Tout ça se trame dans une ambiance de film d’horreur, du genre qui fait peur. Et il faut dire que le paquet est mis pour remplir le contrat. Le paquet, comme dans la notice technique du petit “Comment qu’on fait peur en dix leçons”. D’abord il faut un changement de plan brutal sur un visage qui grimace. Et puis aussi que ça fasse suite à quelques secondes d’une situation inattendue que le gentil de la scène ne comprend pas et qu’il va regarder de plus près (dans le genre : une chaussette est rejetée par la porte entrouverte de la machine à laver ; et si que j’allais jeter un oeil dedans ?). Et puis que les images s’accompagnent d’un bruit à volume croissant jusqu’à un arrêt brutal du son au moment du changement de plan brutal. Et puis que le tout baigne dans une lumière délavée et grisâtre, à la limite du vert olive, juste pour le fun. Et puis qu’il y ait des bâtiments déserts avec quelques murmures derrière des portes. J’ai oublié quelque chose ? Ah oui, quelques cris hystériques de temps en temps, ça fait toujours bien. Et puis j’allais oublier les images floutées du truc qu’on sent que c’est là mais qu’on sait pas ce que c’est mais qu’on se dit que ça doit pas être très sympa .... Bon, là ça fait huit leçons, pas dix, je sais. Mais je vais quand même pas dévoiler gratis tous les trucs. Faut bien que le bouquin se vende, non ? Allez, juste parce que je suis bon prince, je vous mets en bonus un générique à la Matrix, celui avec les lettres qui défilent sur un écran d’ordinateur filmé en macro. C’est suffisamment techno pour donner une inquiétante impression de déshumanisation. C’est pas dans les dix leçons, mais ça fait du bien où ça passe : juste un petit coup au démarrage, pour donner le ton d’entrée.
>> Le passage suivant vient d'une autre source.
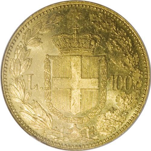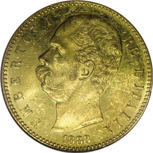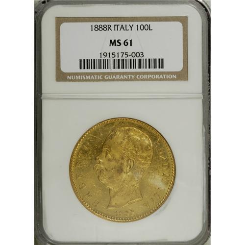 <B>Umberto I gold 100-Lire 1888-R,</B></I> KM-22, MS61 NGC, prooflike, and despite the many small abrasions this is a real beauty among Italian gold pieces of this size. Impressive! Rare. The mintage was a mere 1,169 coins. How many remain as fine as this one? Very few indeed.<BR><BR><b>Shipping:</b> Coin/Currency (<a target="_blank" href="http://www.heritageauctions.com/common/shipping.php">view shipping information</a>)
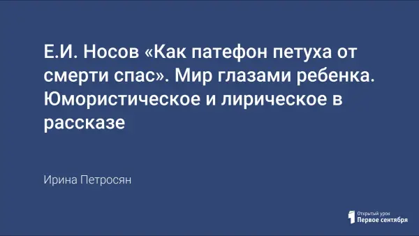Цель урока: знакомство с некоторыми фактами биографии Е.И. Носова, оказавшими влияние на формирование мировоззрения писателя; воспитание интереса к жизни и творчеству Е.И. Носова; выявление художественной идеи рассказа «Как патефон петуха от смерти спас»; формирование навыков выразительного чтения, самостоятельной исследовательской работы с текстом, пересказа, нравственно-эстетических представлений учащихся в ходе выявления лексического значения слова "жалостливый".
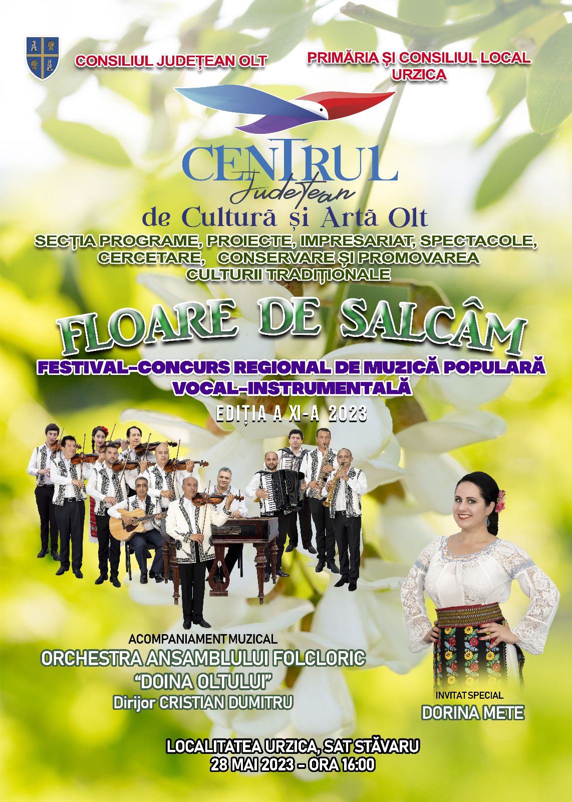 Locuitorii comunei Urzica se pregătesc de sărbătoare, având în vedere că la sfârșitul lunii viitoare, mai precis pe 28 mai va avea loc Festivalul concurs regional de muzică populară vocal instrumentală „Floare de salcâm”, ajuns anul acesta la ediția cu numărul 11. Organizatori sunt ca și până acum Primăria și Consiliul Local Urzica, Consiliul Județean Olt și Centrul Județean de Cultură și Artă Olt, prin Secția Programe, Proiecte, Impresariat, Spectacole, Cercetare, Conservare și Promovarea Culturii Tradiționale.
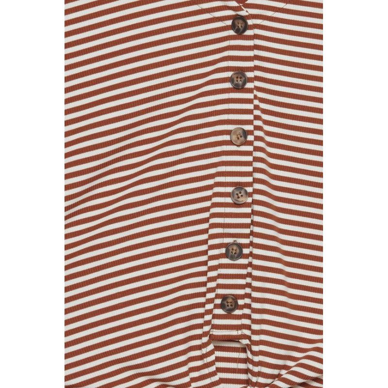 Camiseta manga larga a rayas de cuello pico, abotonado central y lazo en el abdomen.   Composición: 65% Poliéster,30% Viscosa,5% Elastano
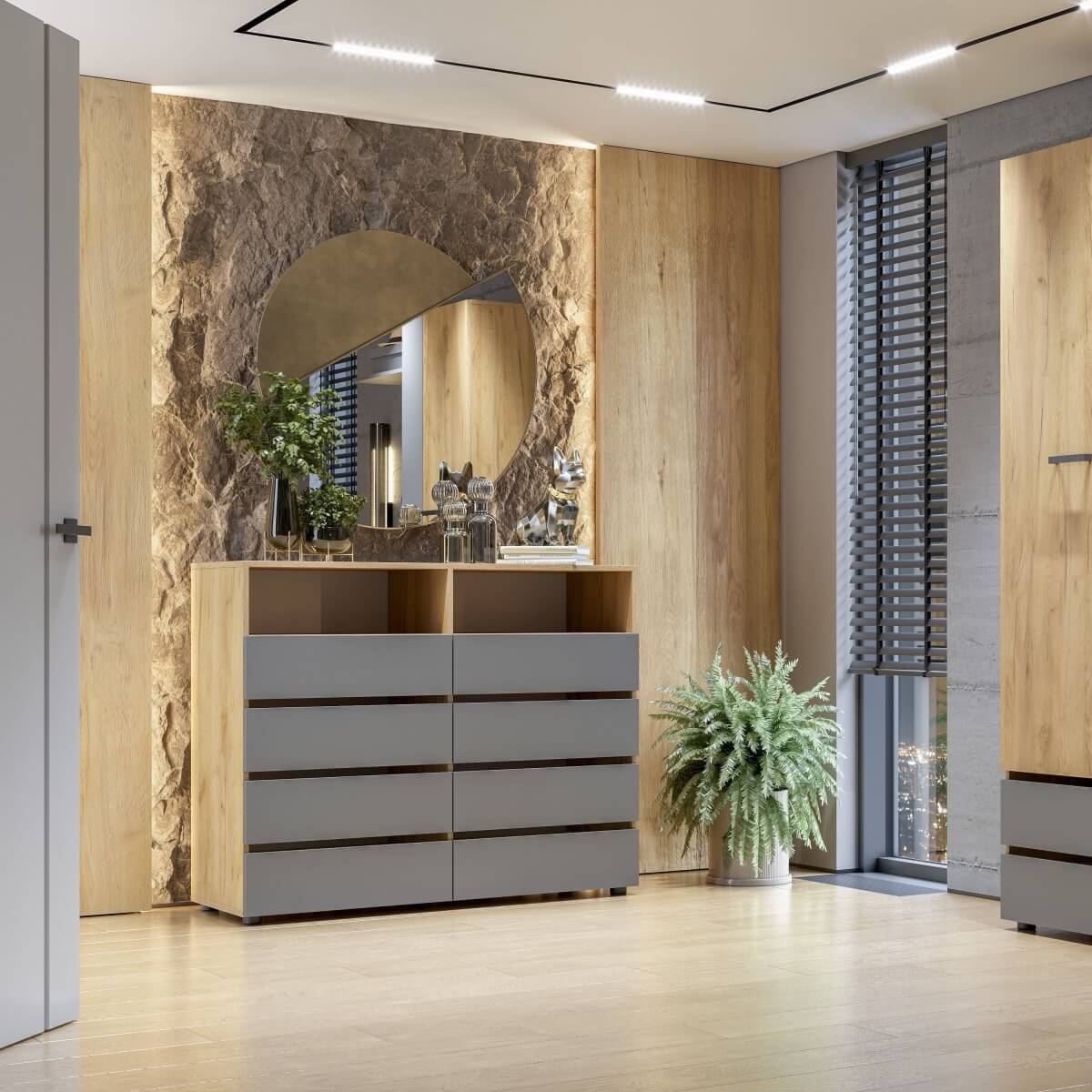 МС "Абрау" Комод с ящиками Дуб Золотой/Графит Серый
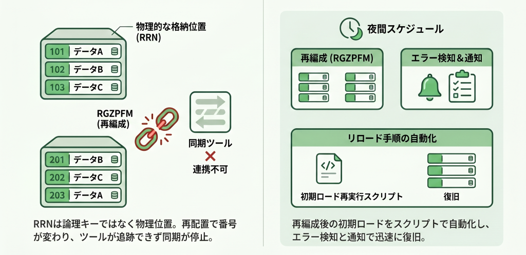 - リロード手順の自動化:再編成後のリロード(初期ロードの再実行)をスクリプト化・自動化し、復旧時間を最小化します。
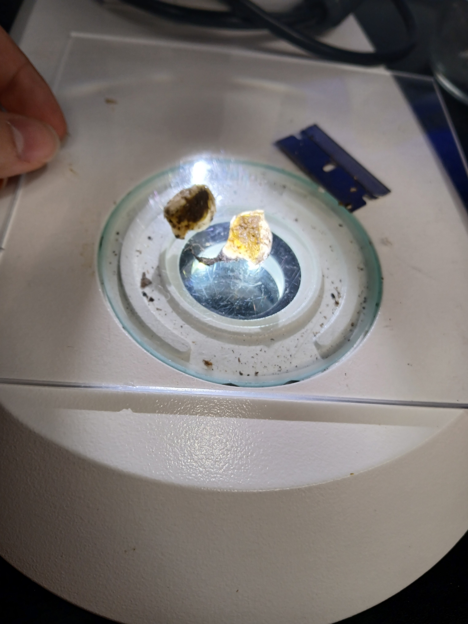 Oberfläche, Hülle: Zart körnig. Die äußere Hülle ist nicht abblätternd
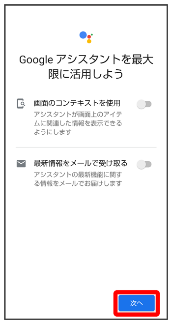 Google アシスタント機能がONに設定されます。
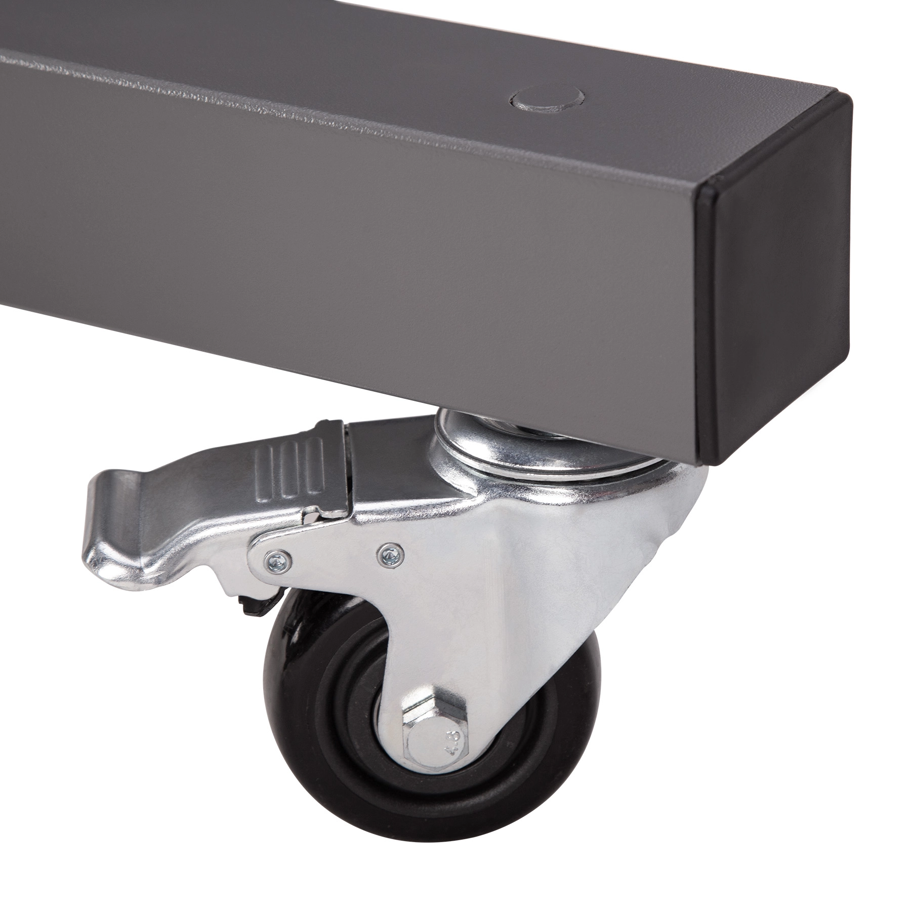Štiri vrtljiva kolesa z nožnimi zavorami omogočajo hiter premik stojala in njegovo varno fiksiranje točno tam, kjer potrebujete vaditi.
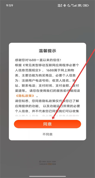 1、可以通過點(diǎn)擊溫馨提示彈窗中的同意按鈕,進(jìn)入app中開始使用。

Mais c’est quand même suffisamment dérivé à partir du modèle « Matrixiel » pour qu’on puisse admettre l’inspiration plutôt que la copie.

“Bon, c’est vrai, mais là, tu vois, c’est la loi du genre. C’est juste pour cataloguer le film dans un style donné. Un peu comme si Sonzero avait voulu faire un western, il aurait mis des chevaux et des colts à la ceinture des personnages. Et puis y’aurait eu une musique vaguement country. Enfin, une série de codes obligés, quoi. C’est juste de l’emballage. Ce qui compte, ce n’est pas le papier autour, c’est le cadeau dedans.”

Ah bon. Eh ben soit. Alors c’est quoi le cadeau ? C’est quoi le message édifiant ? Méfiez vous du téléphone ! Vous croyez simplement remplir ses tuyaux d’un contenu que vous maîtrisez. Erreur grave ! C’est lui qui vous pompe jusqu’à l’os, et même bien au-delà. C’est lui qui vous aspire, non pas comme une fourmi qui trait un mielleux puceron, mais comme la limace géante de Starship Troopers qui aspire le cerveau de ses victimes et n’en laisse qu’une coquille vide. Mais la limace géante n’était qu’un doux marivaudage. Ici, la carcasse restante se délite à la fin du processus en une envolée de poussière particulaire. Quelqu’un d’autre que moi a vu la publicité pour Bouygues Télécom où l’heureux utilisateur du forfait se morcelle en une myriade de petits cubes qui s’envolent vers la liberté de la communication absolue ? Y’aurait pas comme une parenté dans l’allégorie ? Allez savoir ... Si d’ici quelque temps Bouygues ou son agence de pub gagne un procès pour plagiat, vous ne direz pas que je ne vous avais rien dit.

Vaste programme et métaphysique stratosphérique ...

Au sortir de la projection, d’ailleurs progressivement désertée par un flot continu de festivaliers probablement gagnés par un sommeil perturbateur, quelques questions me taraudent néanmoins le neurone. Que diable Ron Rifkin et Brad Dourif sont-il allés faire dans cette galère ? Et plus encore, quelle mouche a bien pu piquer le sélectionneur du festival pour lui faire retenir la présentation de cet étrange objet ? Mystère. Sans doute un coup du fantôme dans le tuyau ... Je ne vois que ça.